# Work to be completed:
Make an exact copy of the whole listing, but leave its pictures out.

# Data:
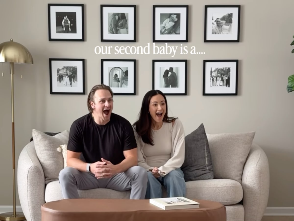 The video then cuts to Nick and Sydney sitting on their couch with the text, “our second baby is a…” before showing Remy walking out wearing a “big sister” sweater and holding pink balloons, revealing it’s a girl.
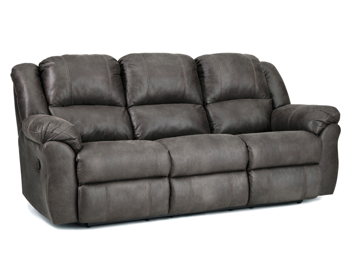 Built in the USA with quality and longevity in mind, the Moonlight Reclining Sofa features a solid frame with no particle board or OSB, ensuring long-term durability. Each reclining seat is equipped with a smooth manual pull-tab release on the side, allowing you to kick back and relax with ease. With a 350lb weight capacity per seat, it provides reliable support for everyday use. The thickly padded cushions, supportive backs, and generously sized seating make this sofa perfect for lounging, movie nights, or casual gatherings. The rich dark gray color adds a contemporary touch that complements a wide range of décor styles. Whether used on its own or paired with matching pieces, the Moonlight Reclining Sofa delivers American-made quality, manual reclining comfort, and clean, modern appeal designed to fit seamlessly into your home.
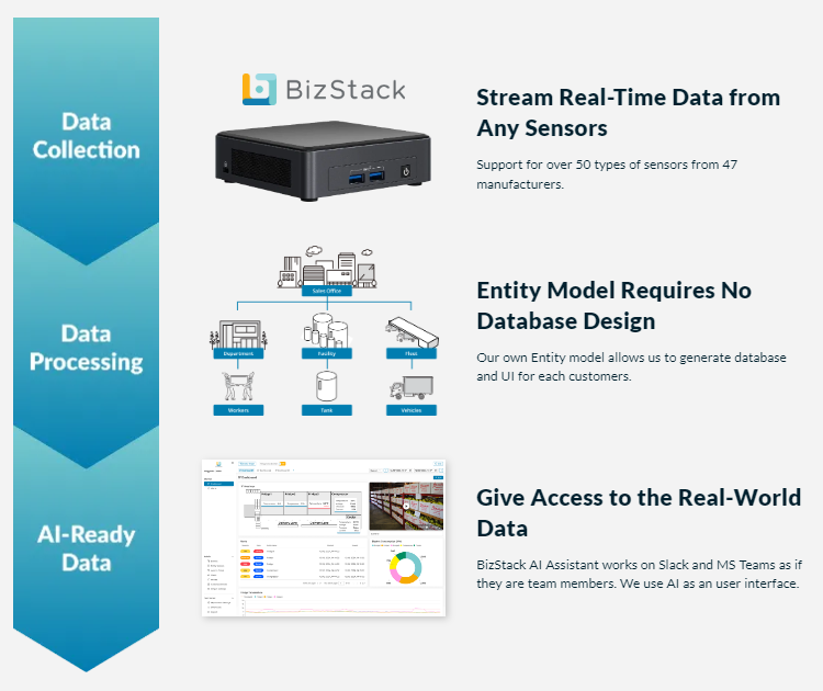 The BizStack Platform Our flexible IoT solution, enhanced by AI, is designed to rapidly connect and manage devices across diverse environments. With adaptable functionalities, BizStack serves a wide range of industries, providing businesses with the agility to scale and evolve in real time.
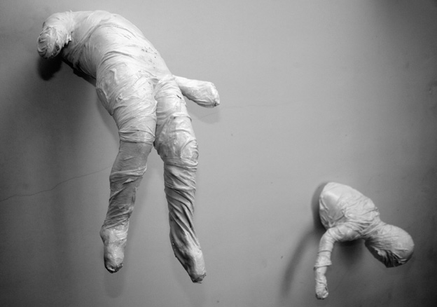 El alambre es un elemento que al hacerse cuerpo, moldearse en ser, ya es orgánico y está vivo. Es el reflejo de un ente que somos nosotros, espectadores, o es la forma con la que nos convertimos en fantasmas alegóricos.
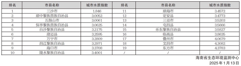 19个市县水环境质量按由好至差排名分别为:三沙市、琼中黎族苗族自治县、五指山市、保亭黎族苗族自治县、白沙黎族自治县、澄迈县、万宁市、昌江黎族自治县、海口市、陵水黎族自治县、琼海市、定安县、三亚市、屯昌县、乐东黎族自治县、临高县、儋州市、文昌市和东方市。详见右表:

# Response below:
 The video then cuts to Nick and Sydney sitting on their couch with the text, “our second baby is a…” before showing Remy walking out wearing a “big sister” sweater and holding pink balloons, revealing it’s a girl.
 Built in the USA with quality and longevity in mind, the Moonlight Reclining Sofa features a solid frame with no particle board or OSB, ensuring long-term durability. Each reclining seat is equipped with a smooth manual pull-tab release on the side, allowing you to kick back and relax with ease. With a 350lb weight capacity per seat, it provides reliable support for everyday use. The thickly padded cushions, supportive backs, and generously sized seating make this sofa perfect for lounging, movie nights, or casual gatherings. The rich dark gray color adds a contemporary touch that complements a wide range of décor styles. Whether used on its own or paired with matching pieces, the Moonlight Reclining Sofa delivers American-made quality, manual reclining comfort, and clean, modern appeal designed to fit seamlessly into your home.
 The BizStack Platform Our flexible IoT solution, enhanced by AI, is designed to rapidly connect and manage devices across diverse environments. With adaptable functionalities, BizStack serves a wide range of industries, providing businesses with the agility to scale and evolve in real time.
 El alambre es un elemento que al hacerse cuerpo, moldearse en ser, ya es orgánico y está vivo. Es el reflejo de un ente que somos nosotros, espectadores, o es la forma con la que nos convertimos en fantasmas alegóricos.
 19个市县水环境质量按由好至差排名分别为:三沙市、琼中黎族苗族自治县、五指山市、保亭黎族苗族自治县、白沙黎族自治县、澄迈县、万宁市、昌江黎族自治县、海口市、陵水黎族自治县、琼海市、定安县、三亚市、屯昌县、乐东黎族自治县、临高县、儋州市、文昌市和东方市。详见右表:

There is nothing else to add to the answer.